Belajar Tidak Harus melulu dengan kondisi Ideal (di kelas, di ruangan khusus), namun Terkadang di sela-sela Kesibukan itu adalah tantangan tersendiri untuk bisa memanfaatkan waktu untuk menuntut ilmu.

Allah telah menyebutkan keutamaan orang berilmu dengan firman-Nya,

يَرْفَعِ اللَّهُ الَّذِينَ آمَنُوا مِنْكُمْ وَالَّذِينَ أُوتُوا الْعِلْمَ دَرَجَاتٍ ۚ وَاللَّهُ بِمَا تَعْمَلُونَ خَبِيرٌ

“…Niscaya Allah akan meninggikan orang-orang tang beriman di antaramu dan orang-orang yang diberi ilmu pengetahuan beberapa derajat…” (QS. Al-Mujadilah: 11).

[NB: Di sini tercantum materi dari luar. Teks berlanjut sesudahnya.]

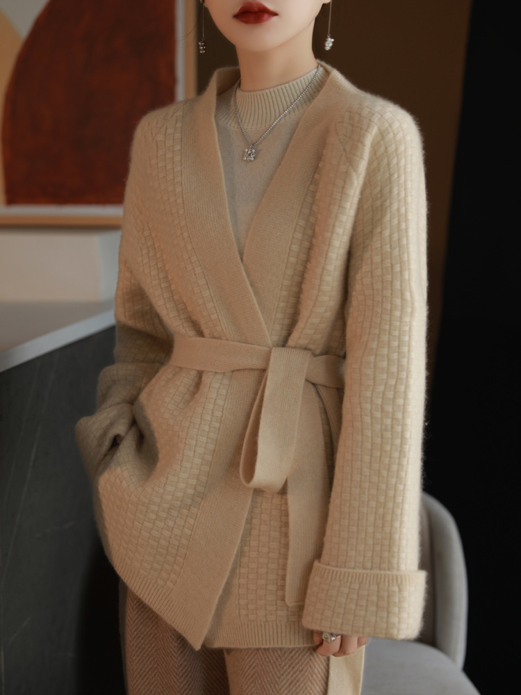 秋冬新款羊毛开衫女提花系带螺纹毛衣宽松时尚百搭针织外套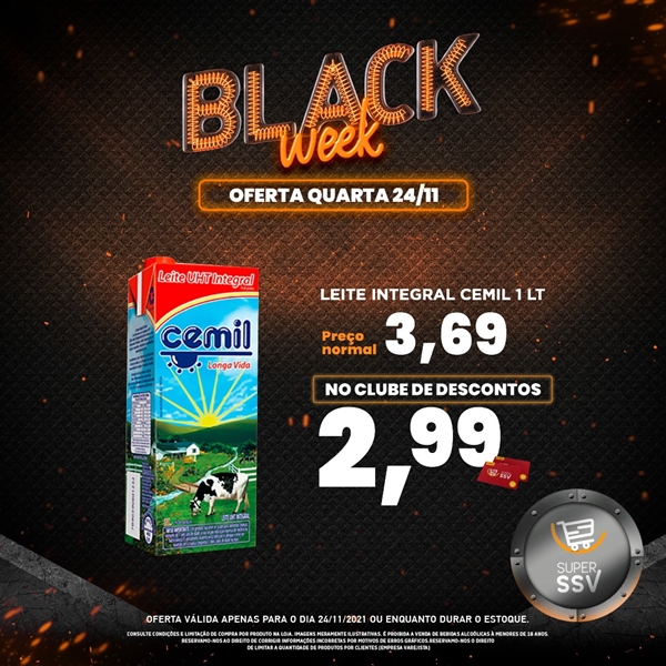 Confira algumas ofertas exclusivas da BLACK WEEK Super SSV: Leite Integral Cemil 1 LT de 3,99 por apenas 2,99 no Cartão Clube de Descontos, Lombo Suíno por apenas 14,99 o KG no Cartão Clube de Descontos, Galinha BIG FRANGO PÇ/KG de 11,99 por apenas 7,99 no Cartão Clube de Descontos, Mussarela SG LAC KG de 41,99 por apenas 24,99, Amaciante Downy 500 ML Fragrâncias de 9,99 por apenas 6,99 no Cartão Clube de Descontos, Sabão Ypê Barra 1 KG de 10,99 por apenas 7,99 no cartão Clube de Descontos e Creme de Leite Quatá 200 GR de 2,49 por apenas 1,49 a unidade no Cartão Clube de Descontos Super SSV.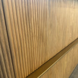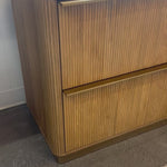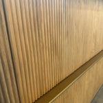 The Kaia Dresser harmoniously combines form and function. Boasting a rustic oak veneer with vertical reeding, the dresser is elevated by a gold steel base. Being a natural material, wood may have variations in texture, indentations, cracks, colour, grain, knots, and burls, adding unique character to each piece.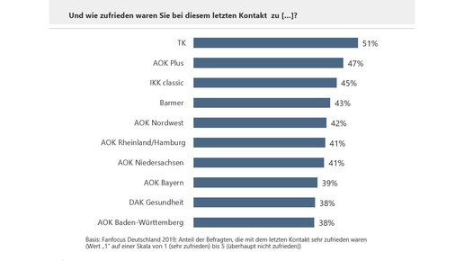 Demnach bescheinigt jeder zweite Befragte der TK absolute Zufriedenheit mit dem letzten Kontakt. Bei der DAK Gesundheit und AOK Baden-Württemberg war es nur rund jeder Dritte. Wenig Vertrauen haben die Versicherten offenbar zu Barmer, AOK Baden-Württemberg und AOK Bayern.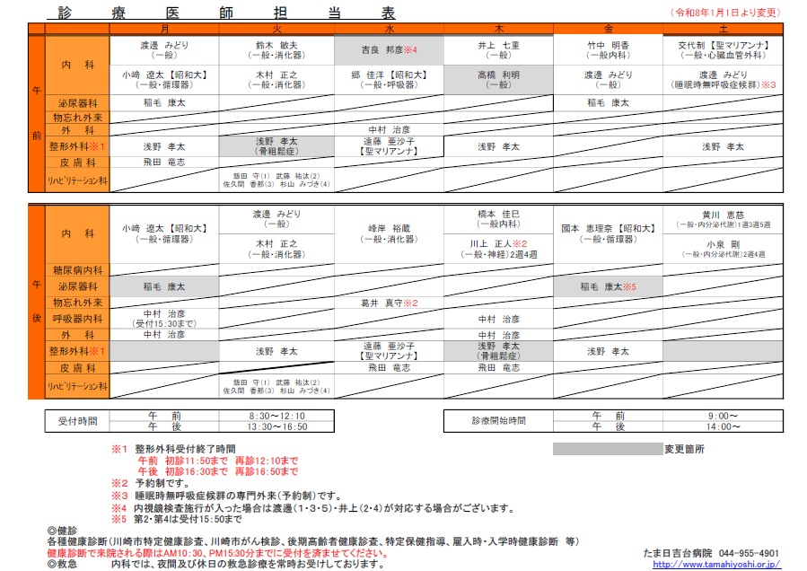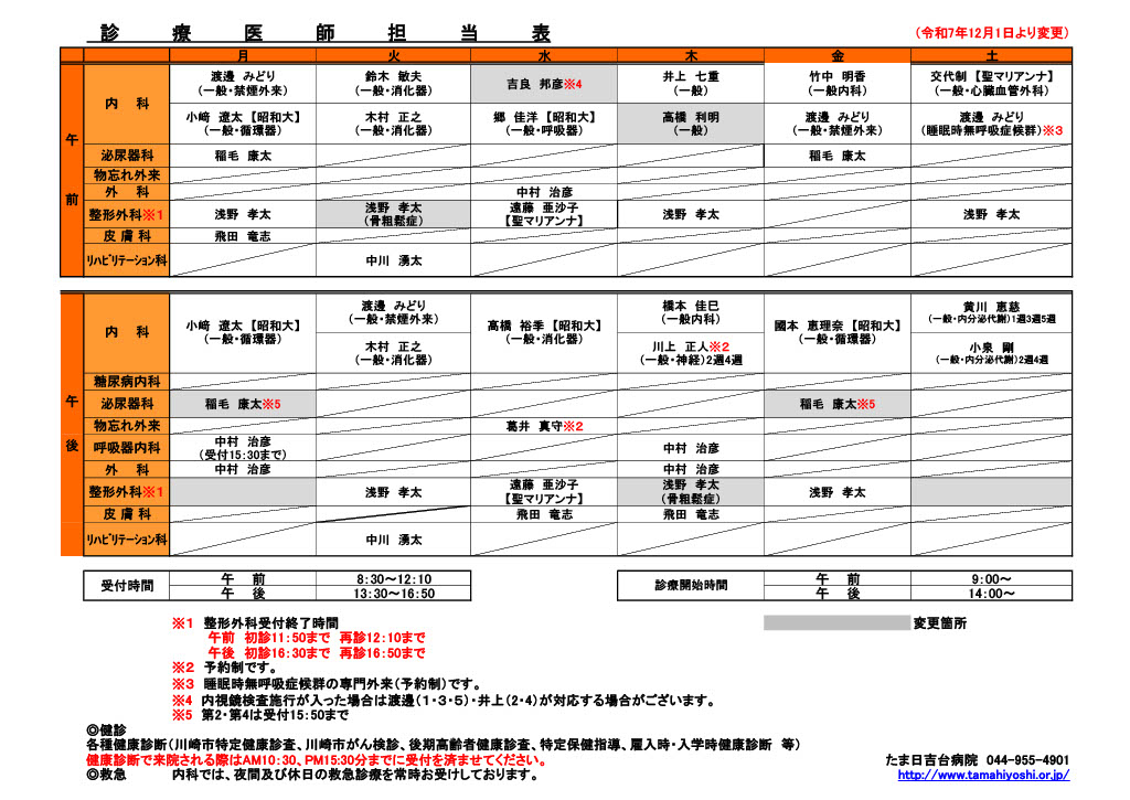 2025.11.28 【整形外科】 外来担当医一部変更のお知らせ いつも当院の診療にご理解とご協力を賜り、誠にありがとうございます。 この度、整形外科の外来担当につきまして、下記のとおり診療日程を一部変更いたします。 ■ 変更内容月曜午後の整形外科外来 → 休診(削除) 土曜午後の整形外科外来 → 休診(削除) ■ 適用開始日2025年12月1日(月)〜 ご来院いただく皆さまにはご不便をおかけいたしますが、 ご理解くださいますようお願い申し上げます。
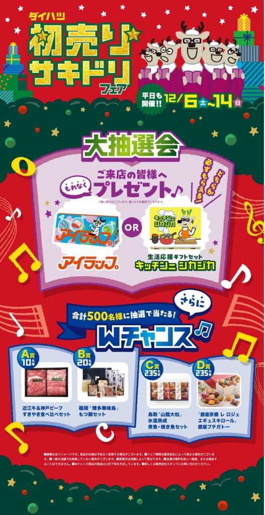 ダイハツ「初売りサキドリフェア」開催! 新着情報 イベント 12月6日~12月14日の期間、「ダイハツ初売りサキドリフェア!」を開催いたします。 期間中ご来場いただいたお客様にもれなくアイラップまたはキッチンニシカジカをプレゼント! 期間中査定、見積りをされたお客様にはどこでも吊り下げ収納ポーチをプレゼント! CAR牧場ならではのお買い得車も多数用意しております。ぜひご来店ください。 スズキ「先行初売りフェア」開催! 前の記事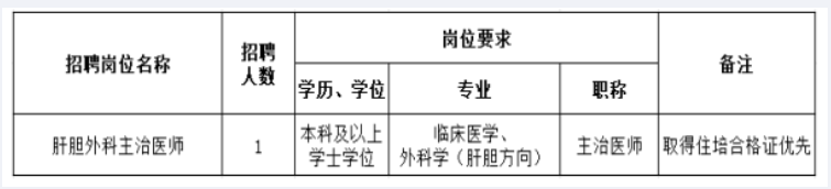 根据医院发展需要,现面向社会急招肝胆外科主治医师1人,有关招聘事项公告如下: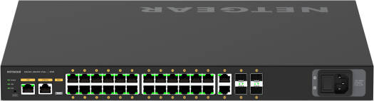 GSM4230PX 24x1G PoE+ 480W 2x1G and 4xSFP+ Managed Switch Designed with input from industry professionals, the AV Line M4250 GSM4230PX 24-Port Gigabit PoE+ Compliant Managed Network Switch from Netgear is engineered for 1G AV over IP. Enjoy 24 rear-facing PoE+ compliant RJ45 ports with a 480W power budget and four 10G SFP+ uplink slots that ensure a clean integration in AV racks and pre-configuration for out-of-the-box functionality. Key Features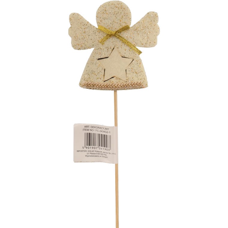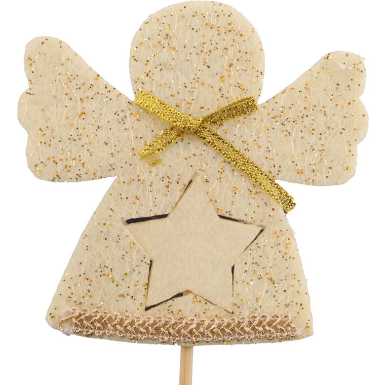 Pik w postaci aniołka filcowego w kolorze kremowym ze złoceniami to urocza ozdoba, która doskonale wkomponuje się w bożonarodzeniowy wystrój. Wykonany z wysokiej jakości filcu, aniołek charakteryzuje się delikatnością i elegancją, a złote akcenty dodają mu wyjątkowego blasku.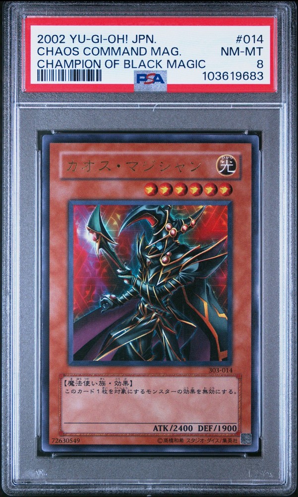 2002 YU-GI-OH! JAPANESE CHAMPION OF BLACK MAGIC #014 CHAOS COMMAND MAGICIAN PSA 8 2002 YU-GI-OH! JAPANESE CHAMPION OF BLACK MAGIC #014 CHAOS COMMAND MAGICIAN PSA 8 Purchase Info Thank you for your interest in this item consigned with PSA! By purchasing or making an offer on this item, you acknowledge and agree to the following terms: All sales are final. Returns not accepted. Payment must be made upon purchase of the item. All items are sold "as is" and without warranty of Collectors Universe, Inc. (d/b/a PSA), and ANY AND ALL IMPLIED WARRANTIES ARE DISCLAIMED AND EXCLUDED. Sales tax may apply depending on shipping address. PSA does not guarantee that another third-party grading company's authentication or certification of an item as genuine is correct or accurate. Neither a difference of opinion between third-party grading companies about authenticity, nor a company's subsequent reversal of its earlier authentication or certification of an item, will be a basis for rescinding a sale. Any dispute with another third-party grading company relating to the authenticity of an item must be resolved directly with that other company. Collectors' maximum liability in the event of loss or damage to an item during shipping will be the lesser of (a) the price paid for the item and (b) the change in fair market value of the item. You release Collectors from all other liability including for any claims of punitive damages, emotional distress, consequential damages, lost profits, or lost interest, except as prohibited by law. Shipping Purchased Items will be shipped directly from PSA Vault. You stay hands-free. PSA Vault When you purchase this item, you can save on sales tax and selling fees by keeping it in the PSA Vault, official Vault of eBay. Items already in PSA Vault and will be sent to PSA Vault will have no shipping charge Storage of any items with the PSA Vault will be subject to the PSA Vault Terms of Service. Consignment PSA has competitive rates on the world's largest collectibles marketplace with the option to list from the PSA Vault or immediately after PSA authentication and grading. Sale Price Under $100 $100 - $499 $500 - $999 $1,000 - $2,499 $2,500 - $4,999 $5,000+ Seller Fee 16% 14% 13% 10% 9% 7% Sellers pay a single fee as reflected above; no additional eBay fees are incurred. There is a $5 minimum fee on sold items.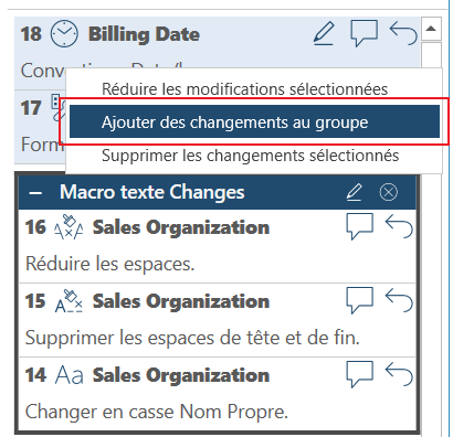 Cliquez avec le bouton droit et, parmi les options qui s’affichent, choisissez Ajouter les changements sélectionnés au groupe.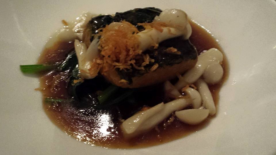 we had the elegant 三层楼, which is a tunglok’s long standing dish of fried bean curd on spinach & shimeji mushrooms.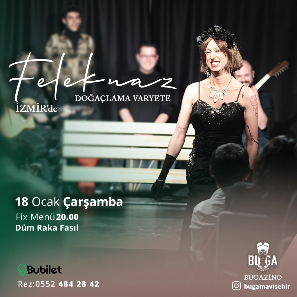 Kahpe Feleknaz Varyete Show & Fasıl 18 Ocak 2023, Çarşamba, 20:00 Buga Mavişehir BUGAZİNO gururla sunar… Fasıl eşliğinde ” KAHPE FELEKNAZ DOĞAÇLAMA VARYETE SHOW İzmir’de” Birebir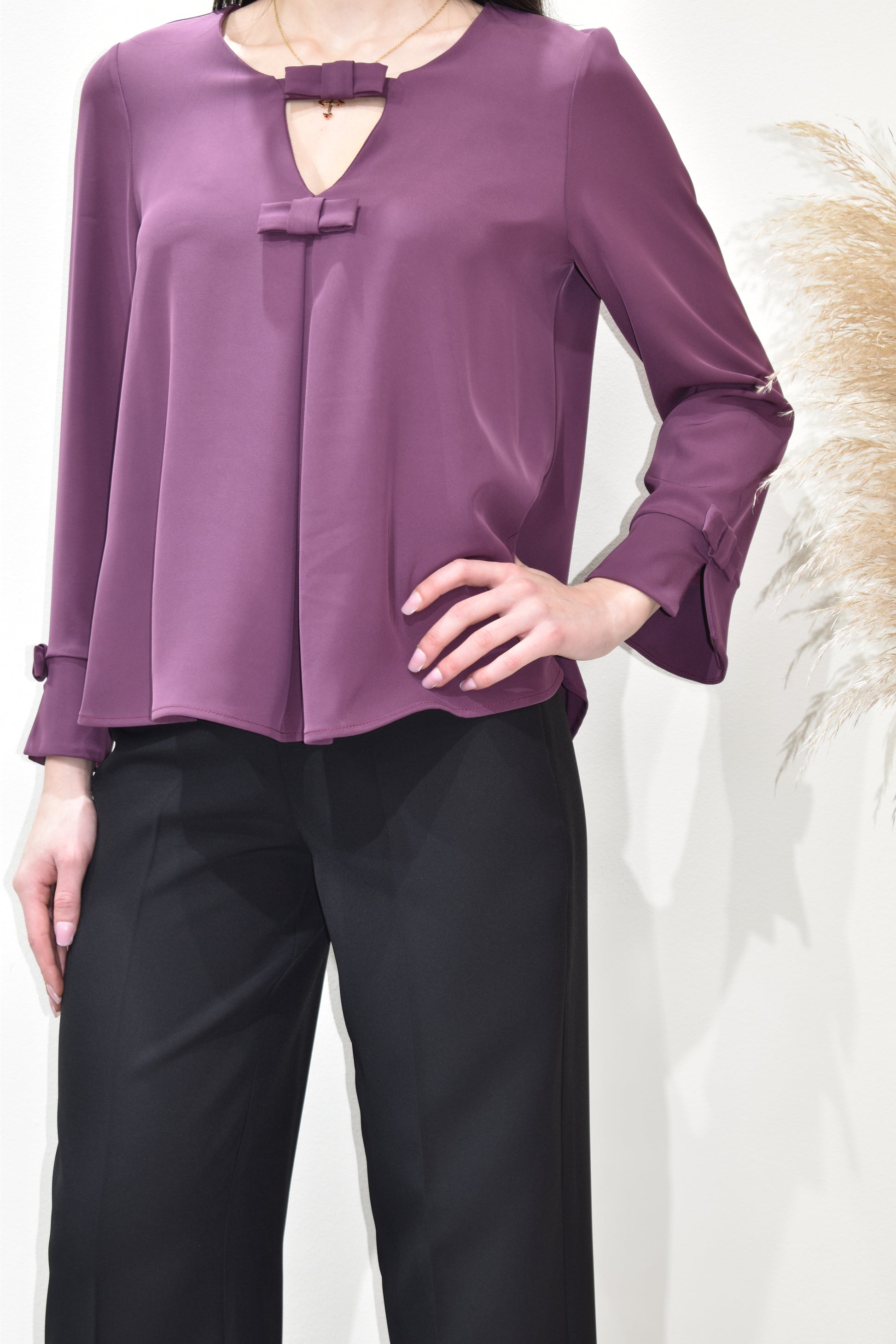 Le maniche lunghe hanno una linea morbida e si chiudono con un piccolo dettaglio a festone con fiocchetto, che riprende il tema decorativo del davanti.

Allah Subhanahu wa ta’ala juga berfirman menjelaskan keutamaan ilmu,

وَعَلَّمَكَ مَا لَمْ تَكُنْ تَعْلَمُ ۚ وَكَانَ فَضْلُ اللَّهِ عَلَيْكَ عَظِيمًا

“…Dan telah mengajarkan kepadamu apa yang belum kamu ketahui. Dan adalah karunia Allah sangat besar atasmu.” (QS. An-Nisa : 113).

عَنْ أَبِي أُمَامَةَ الْبَاهِلِيِّ قَالَ : ذُكِرَ لِرَسُولِ اللَّهِ صَلَّى اللَّهُ عَلَيْهِ وَسَلَّمَ رَجُلَانِ : أَحَدُهُمَا عَابِدٌ، وَالْآخَرُ عَالِمٌ، فَقَالَ رَسُولُ اللَّهِ صَلَّى اللَّهُ عَلَيْهِ وَسَلَّمَ : ” فَضْلُ الْعَالِمِ عَلَى الْعَابِدِ كَفَضْلِي عَلَى أَدْنَاكُمْ “. ثُمَّ قَالَ رَسُولُ اللَّهِ صَلَّى اللَّهُ عَلَيْهِ وَسَلَّمَ : ” إِنَّ اللَّهَ، وَمَلَائِكَتَهُ، وَأَهْلَ السَّمَاوَاتِ، وَالْأَرَضِينَ، حَتَّى النَّمْلَةَ فِي جُحْرِهَا، وَحَتَّى الْحُوتَ ؛ لَيُصَلُّونَ عَلَى مُعَلِّمِ النَّاسِ الْخَيْرَ “.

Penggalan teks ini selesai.